Three sources of information are used to measure class behaviour and teachers’ classroom management. The first are pupil responses to ten questions (repeated at baseline and endpoint), such as ‘there was much disruptive noise in the classroom’ and ‘in our teacher’s class, we were aware of what was allowed and what was not’. The survey organisers have converted responses into an overall classroom environment scale, along with sub-scales capturing (i) frequency of classroom disruptions and (ii) pupils’ perceptions of their teacher’s classroom management skills. We can thus investigate whether looping is associated with pupil reports of the class environment at two points during the academic year.

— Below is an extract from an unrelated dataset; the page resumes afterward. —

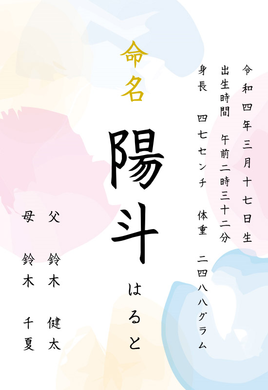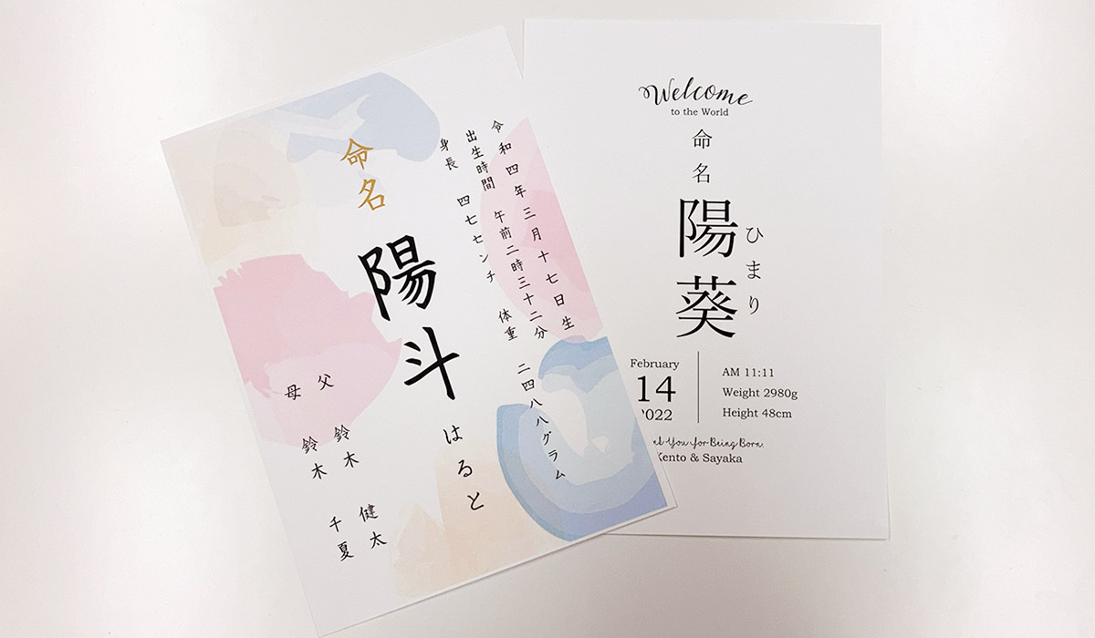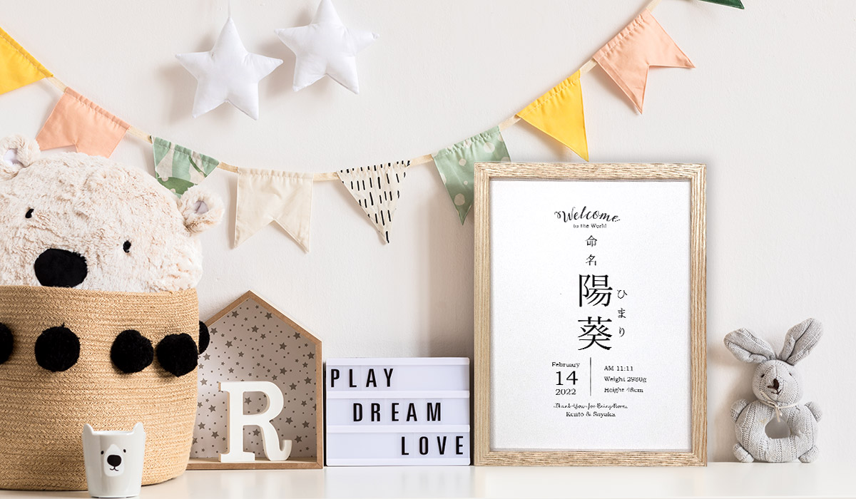 慌ただしい日々の中で命名書の準備を進めるのは大変ですよね。ですが、命名書は赤ちゃんへの初めてのプレゼントです。赤ちゃんの名前は一生に一度の贈り物。その名前に込めた想いを形として残せるのが命名書です。赤ちゃんが誕生した喜びの気持ちと愛をたっぷり詰め込んだ、世界にひとつだけのおしゃれな命名書を作ってくださいね。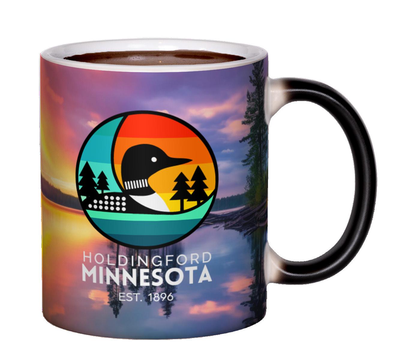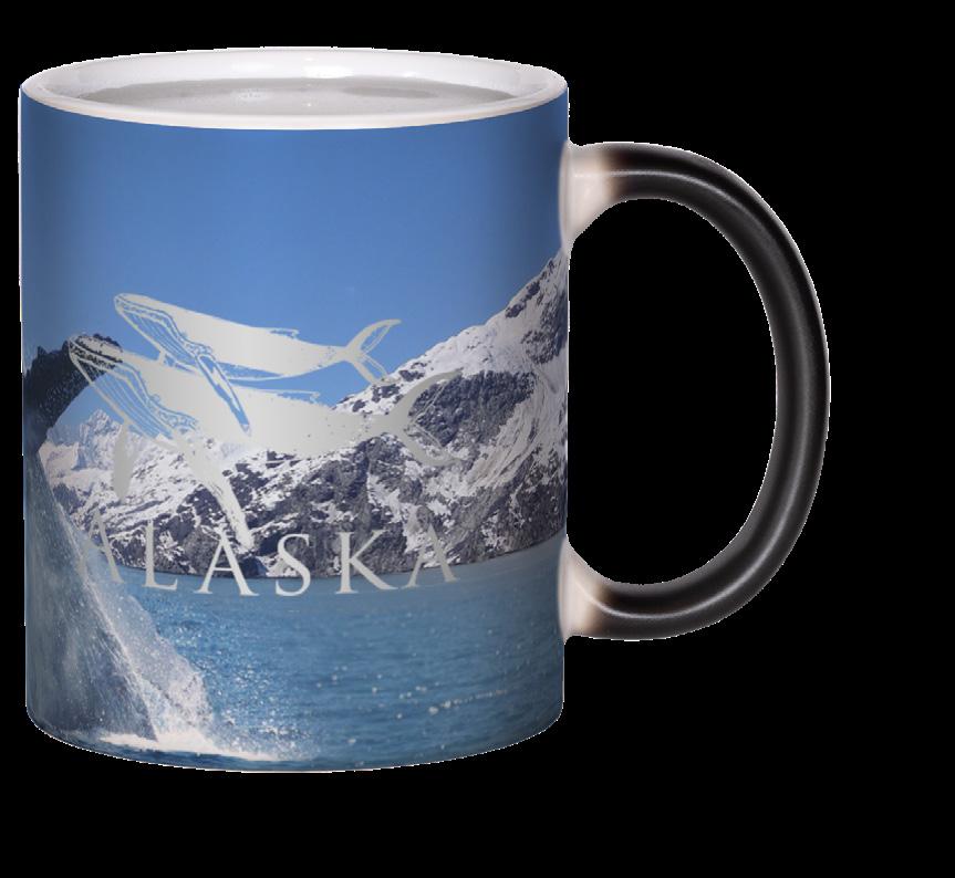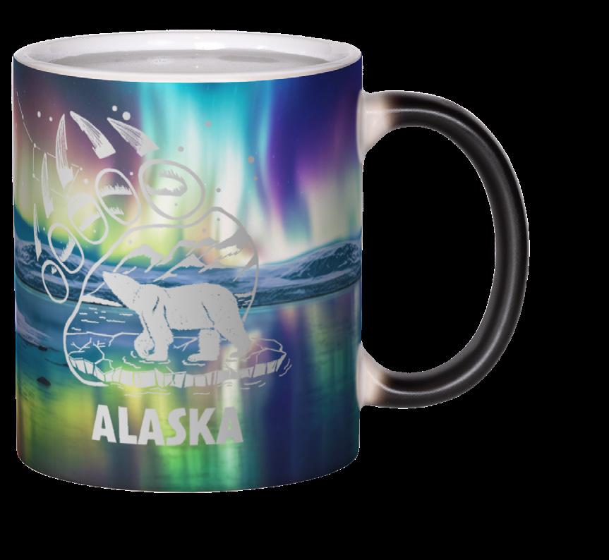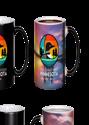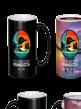 How does the color changing magic work? When at room temperature, the mug appears black. When hot liquid is added, the black thermochromic layer disappears, revealing the glorious full color hot

The second information source is the class teacher, who were asked very similar questions about the classroom environment (see online Appendix B). The survey organisers have also created an overall classroom environment scale (plus ‘disruptions’ and ‘teacher classroom management’ sub-scales) using teacher reports. We thus investigate whether results obtained using pupils’ responses are replicated when using teachers’ responses instead.

Finally, teachers had two of their quadratic equation lessons recorded and rated along six dimensions of instructional quality by two expert observers. One of these domains was ‘classroom management’ and comprised three components:

  • Routines. How effectively common tasks (such as handing out workbooks) were carried out.

  • Disruptions. How frequent disruptions were, how effectively the teacher managed them and how much learning time was lost.

  • Monitoring. How frequently and consistently the teacher monitored the activity of the entire class.

Each component was scored by the expert raters using a four-point scale for each lesson. The survey organisers then created overall scores across these three dimensions by taking the average awarded across raters over the two lessons. An overall ‘classroom management’ domain score was also derived by averaging over the routines, disruptions and monitoring components. Our analysis focuses on the relationship between looping and the overall classroom management score, as well as the routines and disruptions sub-domains. Online Appendix B presents the distribution of these scales.

Teacher-pupil and pupil-pupil relationships

Pupils were asked about the nature of the relationship they had with the teacher and other pupils in the class at both baseline and endpoint. We focus on three scales derived by the survey organisers:

  1. The pupil-teacher relationship. Captured by five questions such as ‘my mathematics teacher really listened to what I had to say’ and ‘my mathematics teacher made me feel she/he really cared about me’.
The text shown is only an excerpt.